Soo.. house sitting for Bunny. It was fun, kinna. I got to see what living on my own would be like. It was blah. I had to buy my own food and stuff. It prolly would've been more fun if Stan had cable that I'm used to in his house. I did wash dishes though. That's something that was VERY weird to me.

Stan's return was fun. Chilled w/ him lately these past few days. Lots of time w/ Nick.

Katt's bday things. Wicked. That was nice. I enjoyed it. Great play. I didn't like.. well.. I'm not gonna get into that just right now. Afterwards, came back to Stan's and chilled. Watched non cable, then some Jeannie, then went to bed. Next day we cleaned. Or I cleaned. Jess did help me take out the trash. Took them home then more me time all alone.

So me and Stan's time together living and playing house has come to an end. This is our last night sleeping together. It makes me kinna sad. :( I wanted to go out and end it w/ a bang, but he had to go help Paul and Beckie move a couch or something. Ugh. But I do get him for a little bit 2m and for alla Tuesday. Then it's back to the reguarly scheduled programming of my life.

This season of ABDC is a disappointment. I'm REALLY sad by what I saw.
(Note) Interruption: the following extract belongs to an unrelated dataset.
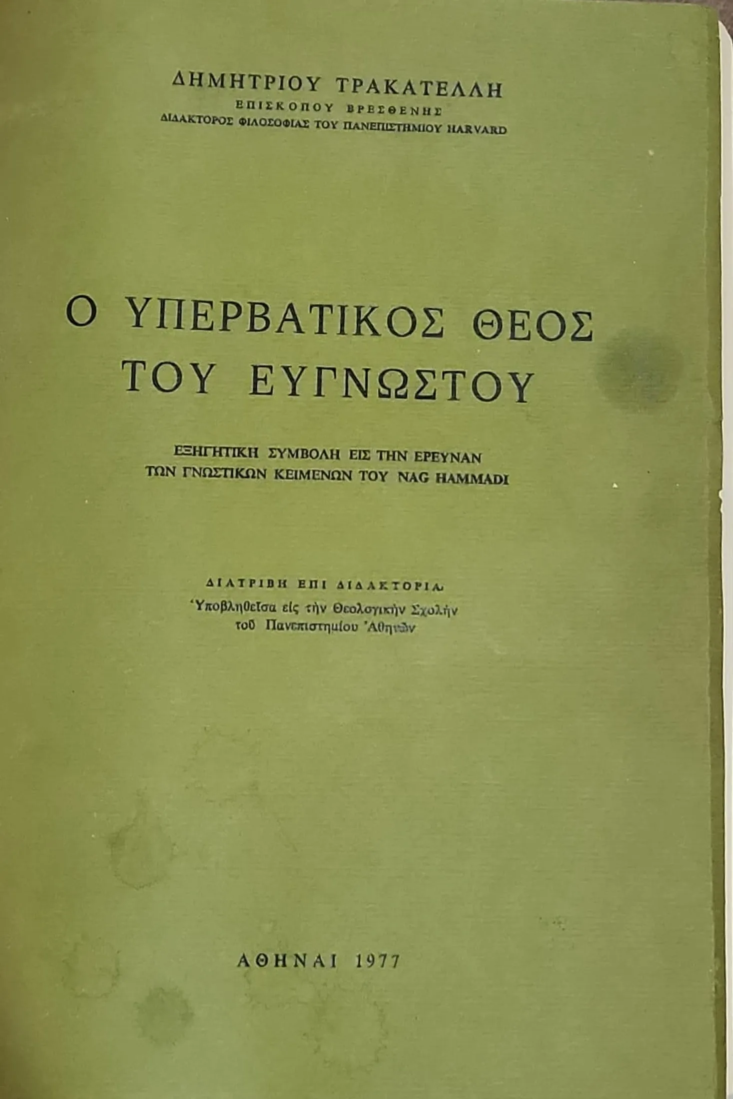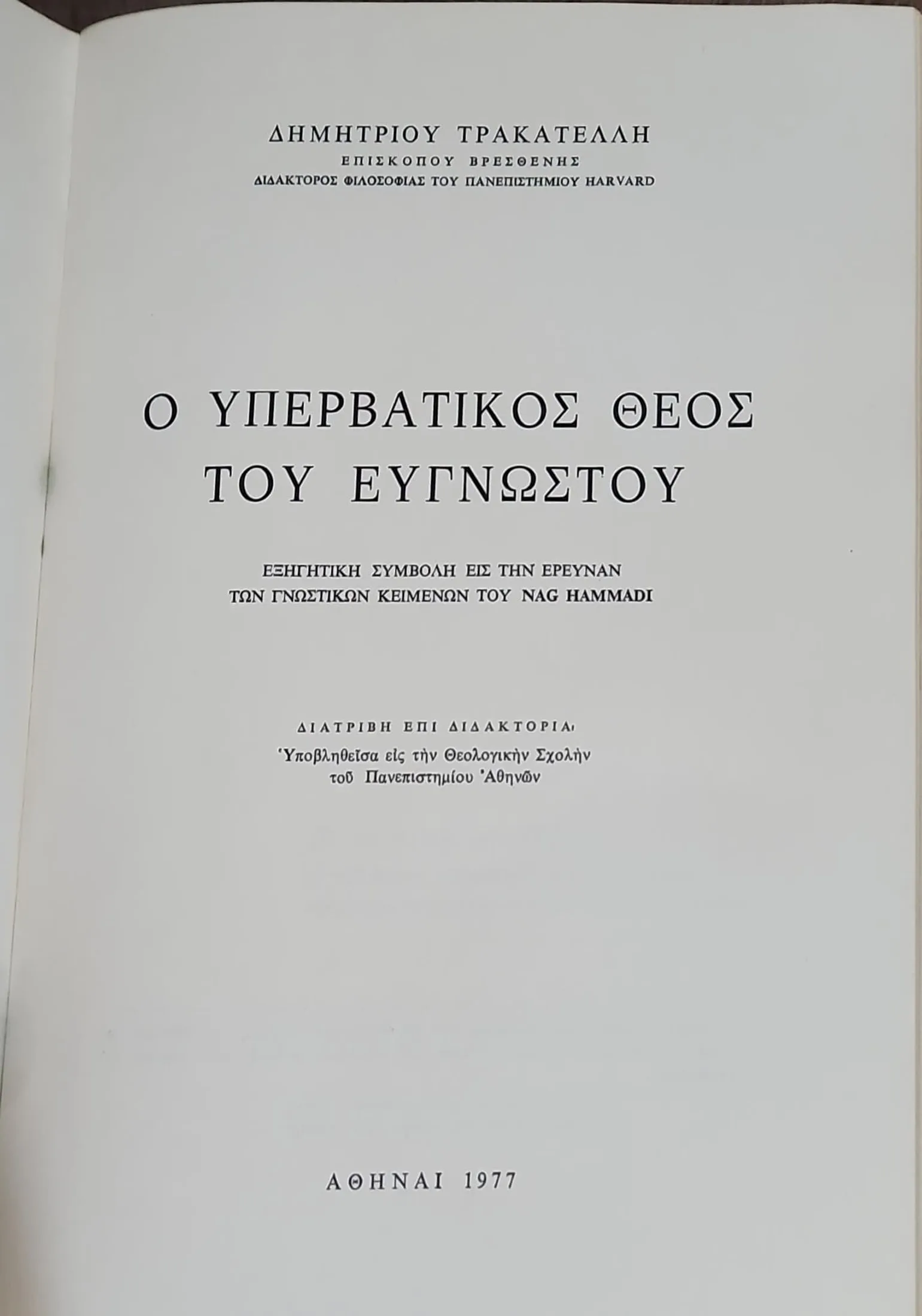 Διδακτορική διατριβή του Δημητρίου Τρακατέλλη, που εξετάζει τον ρόλο του Υπερβατικού Θεού στις γνωστικές πηγές που βρέθηκαν στην κοιλάδα του Nag Hammadi. Η εργασία αυτή αποτελεί μια ερμηνευτική προσέγγιση στα κείμενα αυτά, εστιάζοντας στην έννοια του Υπερβατικού Θεού, όπως αυτή αναδύεται μέσα από τα γνωστικά κείμενα.

The west coast didn't step up at all, hick hoppers made it over a really talented Asian crew, and nothing overall impressed me besides the voguers. Well, west coast has won all the other seasons, so I guess it's time that the East gets a shot. They prolly picked more east coast crews that west coast on purpose. Ugh.

Soo. I'm excited about Tuesday. I'm not gonna be able to do what I want b/c I'm not gonna have the funds, so I gotta make the best of what I got. It's me and Stan's 1.5 year anniversary, even though we're not back together, I still want this to be memorable. I'll get a card or something before I go.

So.. I'm seriously over you as a friend. I've come to realize how much I dislike you. You push your ideas on to people. It seems to me it's always about what you want. And that's frustrating. So.. here's our goodbye. I'm gonna be chill w/ you and kick it every once and again, but I'm not gonna make the effort.

I'm also excited about my birthday. My best friends suck. That SERIOUSLY makes me sad that they aren't gonna be able to come. Two years in a row. But I know me and my boyfriend (or whatever he is) will have a good time. I think he's excited too.

I'm bummed that he hasn't taken me back yet. Maybe he will Tuesday ? Who knows ? Ahahha.

I need a job so me and Stan can live together. It'll be awesome. We've already agreed on it.

This post is actually hella long.

I gotta figure out how to tie a tie for my boyfriend so he can go to this meeting thing for SFPD. He needs to hurry up and become a cop already.